RECORDS SHOWN Block Start

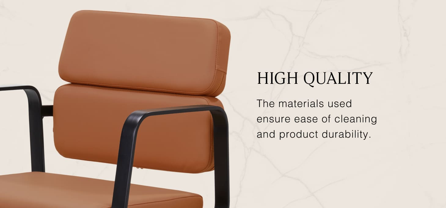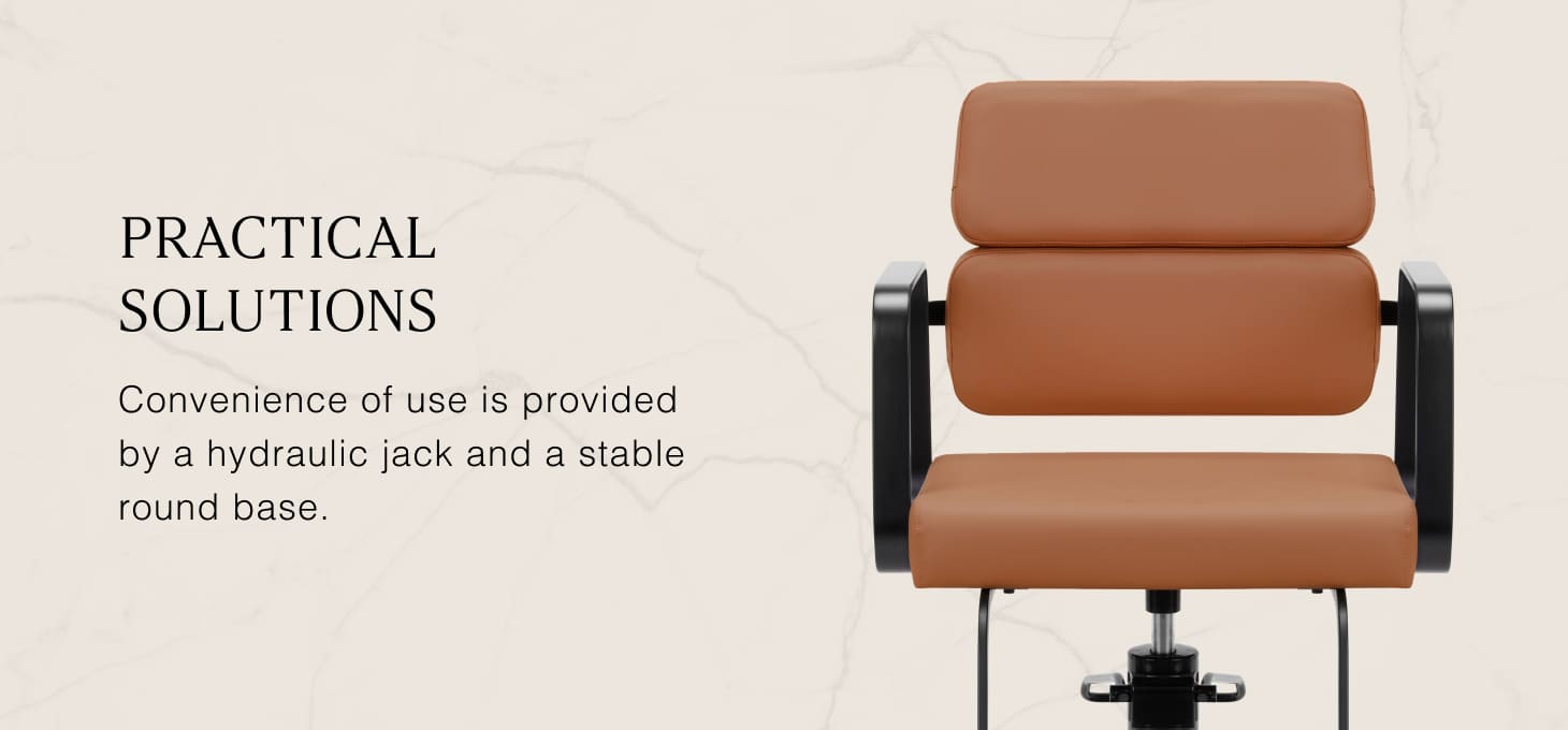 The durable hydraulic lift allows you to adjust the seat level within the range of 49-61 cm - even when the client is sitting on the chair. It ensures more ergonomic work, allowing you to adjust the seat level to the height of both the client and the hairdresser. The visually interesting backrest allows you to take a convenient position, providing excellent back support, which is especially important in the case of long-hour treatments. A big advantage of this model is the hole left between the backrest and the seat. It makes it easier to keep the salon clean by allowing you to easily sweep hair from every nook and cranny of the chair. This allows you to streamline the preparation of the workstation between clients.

RECORDS SHOWN Block End
RECORDS SHOWN Block Start

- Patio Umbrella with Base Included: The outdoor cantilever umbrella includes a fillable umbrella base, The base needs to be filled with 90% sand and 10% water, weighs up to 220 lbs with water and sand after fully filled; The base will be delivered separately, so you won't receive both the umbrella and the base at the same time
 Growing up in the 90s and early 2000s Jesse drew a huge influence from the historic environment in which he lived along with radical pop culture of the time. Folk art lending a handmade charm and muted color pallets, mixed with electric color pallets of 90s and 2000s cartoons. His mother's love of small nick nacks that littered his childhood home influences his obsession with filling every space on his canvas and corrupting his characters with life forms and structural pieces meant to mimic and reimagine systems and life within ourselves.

RECORDS SHOWN Block End

Among the lines of the preceding data, which ones hold the word "time"? List them.

:: OUTPUT ::
- Patio Umbrella with Base Included: The outdoor cantilever umbrella includes a fillable umbrella base, The base needs to be filled with 90% sand and 10% water, weighs up to 220 lbs with water and sand after fully filled; The base will be delivered separately, so you won't receive both the umbrella and the base at the same time
 Growing up in the 90s and early 2000s Jesse drew a huge influence from the historic environment in which he lived along with radical pop culture of the time. Folk art lending a handmade charm and muted color pallets, mixed with electric color pallets of 90s and 2000s cartoons. His mother's love of small nick nacks that littered his childhood home influences his obsession with filling every space on his canvas and corrupting his characters with life forms and structural pieces meant to mimic and reimagine systems and life within ourselves.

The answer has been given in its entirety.